Your child looks in the cabinets and drawers and asks a lot of questions, and no sooner have you answered one question then they ask another… You may be annoyed and ask them to be quiet sometimes, but try to take a closer look at the matter. Your child does this because they want to know and because they’re curious. So help them feed that curiosity rather than talking them out of it.
Answer Their Questions
- To deal with your child’s curiosity the right way, answer all their questions, even those you consider trivial and unimportant. Explain, for example, why a “brush” is called a brush.
- Don’t take your answer beyond the limits of their question. Let them have space to think and feel excited to learn more. Be patient.
Share Life with Them
- To do that, set aside some time to spend with them. For example, go through a photo family album with them. They’ll ask questions and discover the existence of the past, in which people and their clothes looked different. They’ll start to understand change.
- Play with them and focus on games that increase the capabilities of their senses to discover. Have them close their eyes for example and try to recognize objects by touch or smell…
- Your child is affected by you, so be curious in your turn. Show them that curiosity. If you notice an insect in your home, for example, express your surprise as though you were discovering it for the first time.
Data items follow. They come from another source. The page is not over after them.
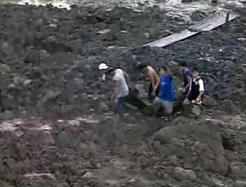 Leyte province in this February 17, 2006 video grab. Mudslides triggered
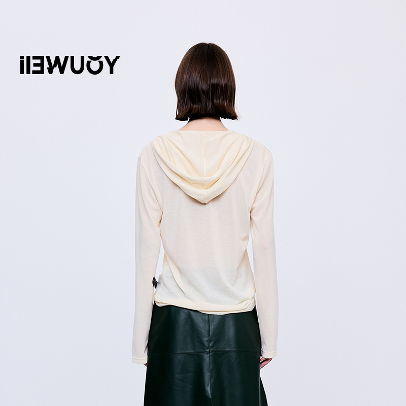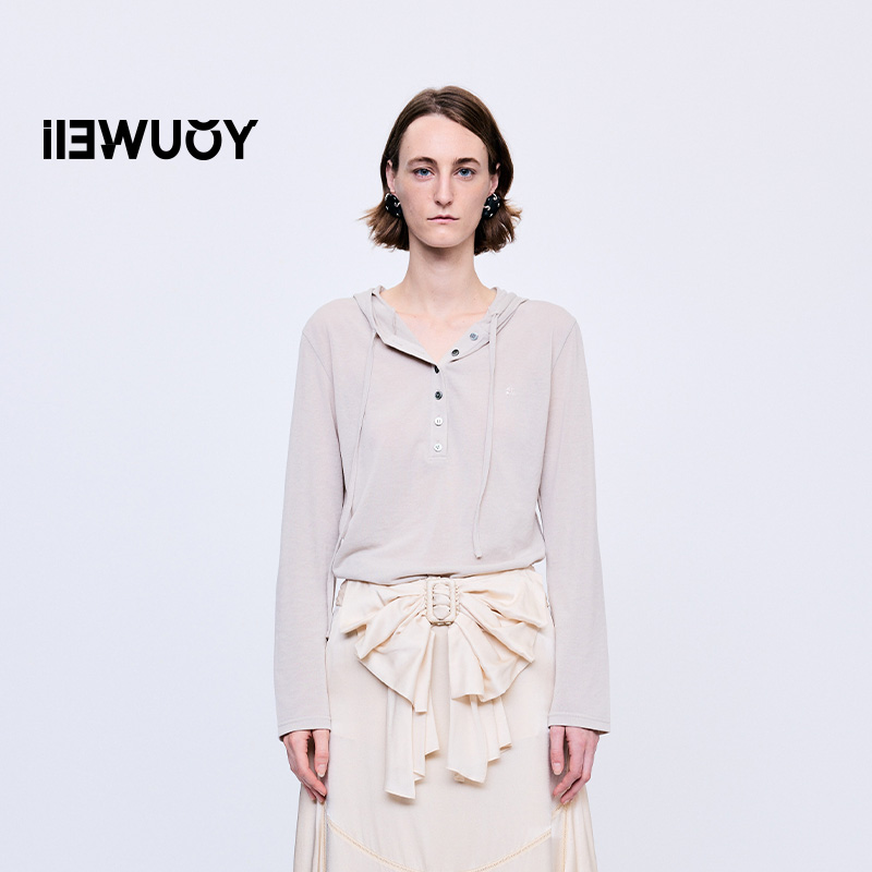T恤Y1225309 高支透爽连帽长袖 YOUWEI有尾2025秋季 新品
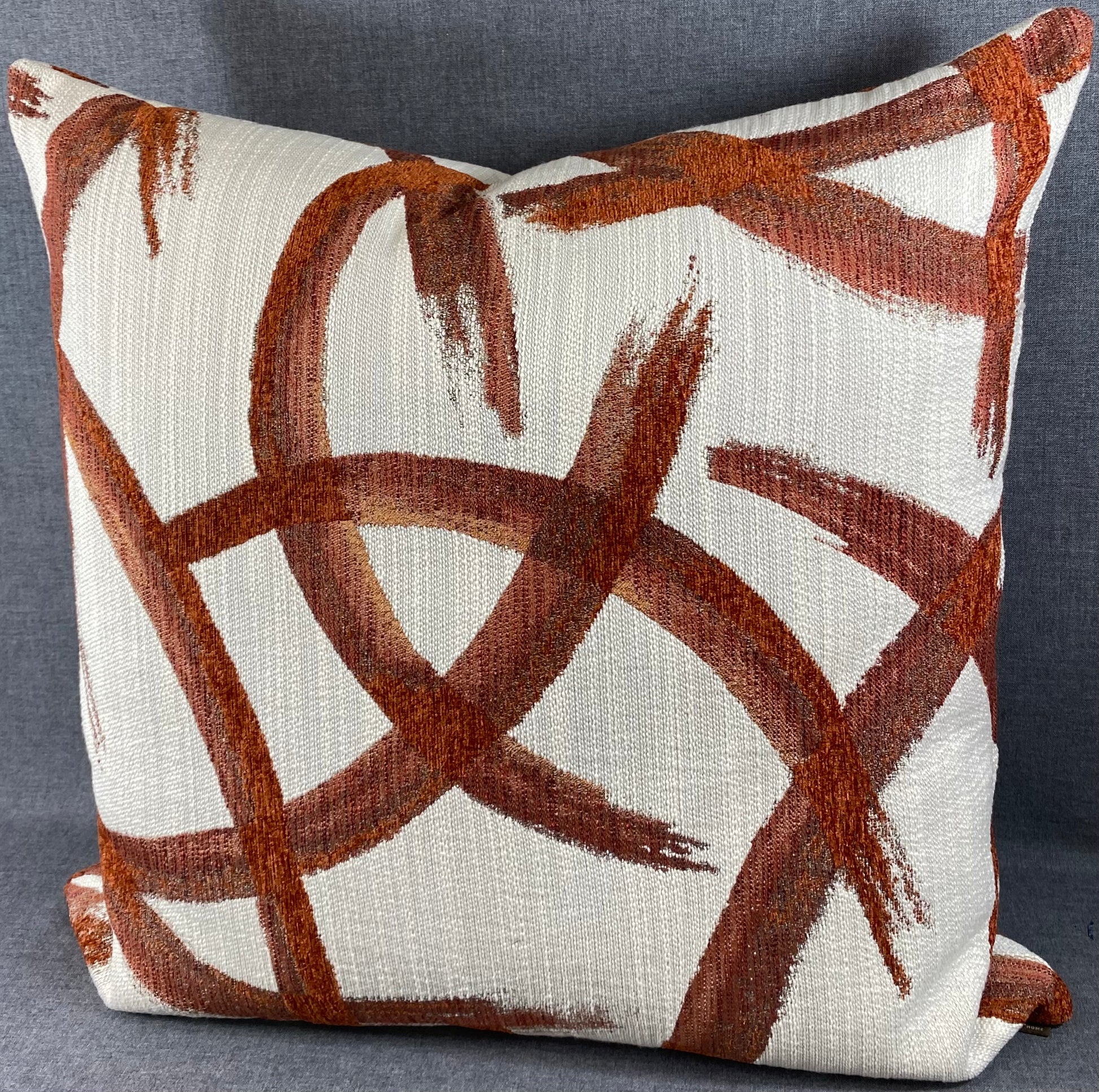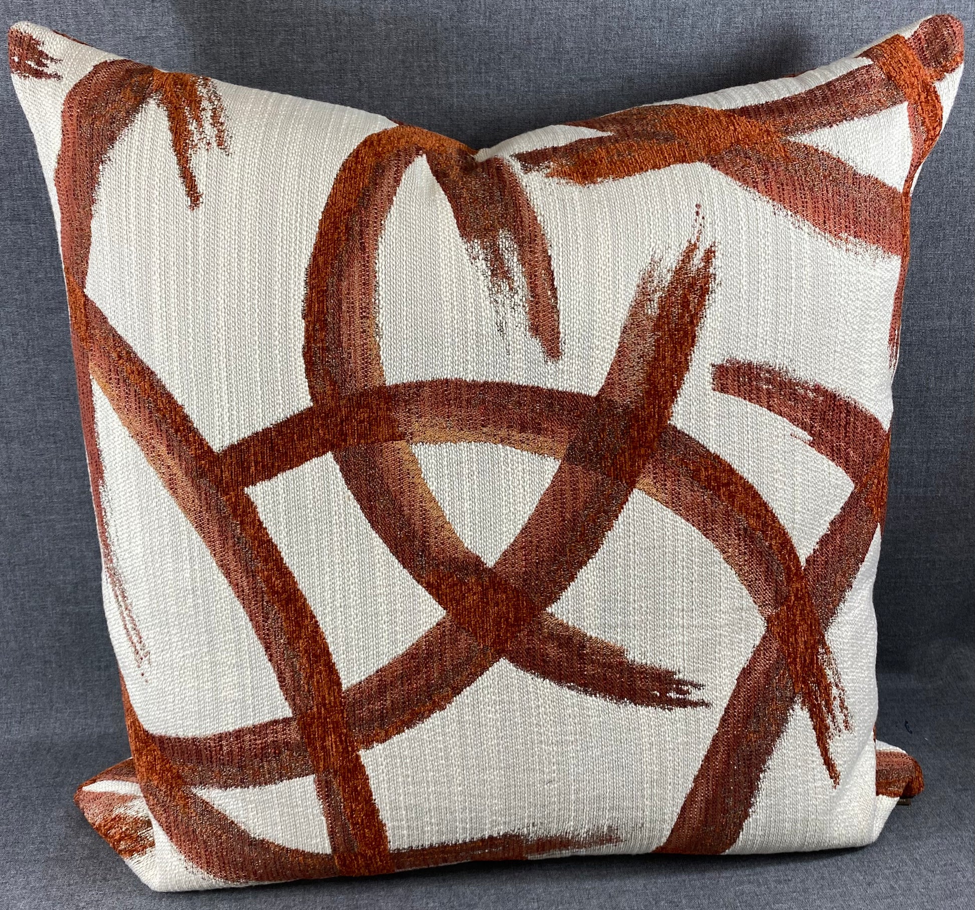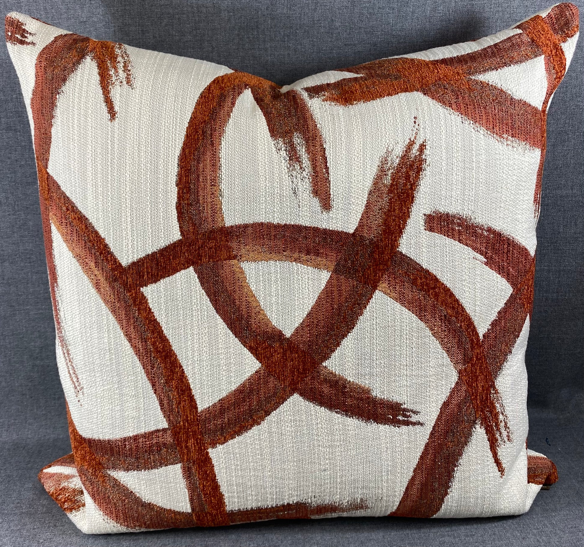 This pillow is 24" x 24" when measured flat with no filling. With filling it is 6" deep. It contains feather and down filling and is made in America. Copper paint brush strokes invoke a feel of Shuji, the ancient art of Japanese calligraphy.

- Leave confined spaces in your home that your child can reach without being exposed to harm. Opening the cupboard or lower drawers will make them feel the joy of discovery and will boost their curiosity. You might put some objects in the drawer, for example, so that they can try and examine and discover their components and forms.
An Important Tip
- It’s wrong to imitate your child’s pronunciation of words. It’s necessary for them to learn to pronounce them correctly. You should use words that are new to them, too; that way, they’ll ask you about their meaning, which will nourish their curiosity.